Data extracted from a collection:
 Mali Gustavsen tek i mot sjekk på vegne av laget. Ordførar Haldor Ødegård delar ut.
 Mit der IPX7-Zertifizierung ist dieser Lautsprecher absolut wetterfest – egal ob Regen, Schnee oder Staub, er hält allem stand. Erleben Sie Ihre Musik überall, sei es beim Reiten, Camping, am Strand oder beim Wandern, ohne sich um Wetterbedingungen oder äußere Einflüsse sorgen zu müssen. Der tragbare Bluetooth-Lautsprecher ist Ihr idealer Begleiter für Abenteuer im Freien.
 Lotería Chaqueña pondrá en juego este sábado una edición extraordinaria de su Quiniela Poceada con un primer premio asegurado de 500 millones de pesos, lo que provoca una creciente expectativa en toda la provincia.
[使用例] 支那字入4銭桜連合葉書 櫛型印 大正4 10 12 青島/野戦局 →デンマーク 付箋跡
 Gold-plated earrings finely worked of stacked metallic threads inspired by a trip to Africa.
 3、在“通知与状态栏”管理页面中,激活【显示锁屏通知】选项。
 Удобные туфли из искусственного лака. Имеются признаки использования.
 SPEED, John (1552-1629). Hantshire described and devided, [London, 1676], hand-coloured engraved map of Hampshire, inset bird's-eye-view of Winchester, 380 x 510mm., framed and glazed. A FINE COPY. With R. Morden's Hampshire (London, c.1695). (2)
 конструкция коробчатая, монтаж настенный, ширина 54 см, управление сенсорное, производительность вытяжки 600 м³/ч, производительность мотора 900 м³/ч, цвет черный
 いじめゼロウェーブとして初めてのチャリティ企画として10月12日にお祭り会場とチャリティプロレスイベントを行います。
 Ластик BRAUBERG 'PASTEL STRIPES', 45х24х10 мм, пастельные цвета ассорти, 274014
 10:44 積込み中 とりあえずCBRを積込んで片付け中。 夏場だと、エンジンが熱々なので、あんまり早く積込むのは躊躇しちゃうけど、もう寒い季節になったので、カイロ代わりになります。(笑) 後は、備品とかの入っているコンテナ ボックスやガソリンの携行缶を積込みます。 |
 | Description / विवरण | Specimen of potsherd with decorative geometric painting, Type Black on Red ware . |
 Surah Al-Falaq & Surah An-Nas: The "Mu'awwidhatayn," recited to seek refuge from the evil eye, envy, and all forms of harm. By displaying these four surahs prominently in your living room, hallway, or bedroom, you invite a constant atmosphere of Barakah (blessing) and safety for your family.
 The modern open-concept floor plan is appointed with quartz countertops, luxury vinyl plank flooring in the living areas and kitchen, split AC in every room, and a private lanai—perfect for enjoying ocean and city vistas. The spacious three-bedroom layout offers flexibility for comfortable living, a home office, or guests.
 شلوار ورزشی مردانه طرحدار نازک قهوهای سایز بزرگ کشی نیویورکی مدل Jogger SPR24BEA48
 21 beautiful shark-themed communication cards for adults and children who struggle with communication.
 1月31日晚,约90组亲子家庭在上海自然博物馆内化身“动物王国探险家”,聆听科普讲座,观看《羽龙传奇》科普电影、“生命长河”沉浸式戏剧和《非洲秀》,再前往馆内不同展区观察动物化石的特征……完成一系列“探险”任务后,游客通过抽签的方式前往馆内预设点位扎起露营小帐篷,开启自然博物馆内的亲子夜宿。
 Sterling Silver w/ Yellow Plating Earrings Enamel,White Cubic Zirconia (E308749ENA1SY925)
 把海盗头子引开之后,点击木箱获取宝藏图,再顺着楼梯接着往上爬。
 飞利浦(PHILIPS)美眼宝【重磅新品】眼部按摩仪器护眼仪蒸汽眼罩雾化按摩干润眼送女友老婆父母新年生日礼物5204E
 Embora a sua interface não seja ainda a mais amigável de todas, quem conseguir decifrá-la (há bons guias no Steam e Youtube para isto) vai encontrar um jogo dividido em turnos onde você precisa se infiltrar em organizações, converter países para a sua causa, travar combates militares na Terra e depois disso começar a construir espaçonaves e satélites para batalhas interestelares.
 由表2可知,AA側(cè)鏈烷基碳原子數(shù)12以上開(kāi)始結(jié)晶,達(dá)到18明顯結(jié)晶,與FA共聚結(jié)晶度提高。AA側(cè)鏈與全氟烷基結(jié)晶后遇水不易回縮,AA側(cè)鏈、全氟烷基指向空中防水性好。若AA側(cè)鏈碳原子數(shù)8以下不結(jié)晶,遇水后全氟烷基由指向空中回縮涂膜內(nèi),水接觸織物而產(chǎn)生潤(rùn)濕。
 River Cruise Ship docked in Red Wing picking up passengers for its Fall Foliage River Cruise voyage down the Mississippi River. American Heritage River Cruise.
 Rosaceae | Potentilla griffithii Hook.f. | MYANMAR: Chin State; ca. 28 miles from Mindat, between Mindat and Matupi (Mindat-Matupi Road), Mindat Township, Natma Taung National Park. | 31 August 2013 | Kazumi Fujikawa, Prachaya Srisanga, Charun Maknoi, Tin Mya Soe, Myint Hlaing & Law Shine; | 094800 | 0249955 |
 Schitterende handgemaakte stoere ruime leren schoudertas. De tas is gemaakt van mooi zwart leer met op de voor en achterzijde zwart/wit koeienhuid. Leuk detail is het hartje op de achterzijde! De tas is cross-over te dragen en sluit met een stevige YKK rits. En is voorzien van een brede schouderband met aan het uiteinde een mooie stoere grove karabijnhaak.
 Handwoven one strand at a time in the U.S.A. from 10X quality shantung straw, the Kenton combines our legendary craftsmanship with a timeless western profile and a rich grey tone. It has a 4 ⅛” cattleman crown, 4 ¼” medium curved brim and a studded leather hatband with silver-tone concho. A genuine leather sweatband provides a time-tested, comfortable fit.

- **TASK DIRECTIONS**
Every line of the entries above that contains the word "living" must be tallied, and the number alone reported.

- **RESULT**
2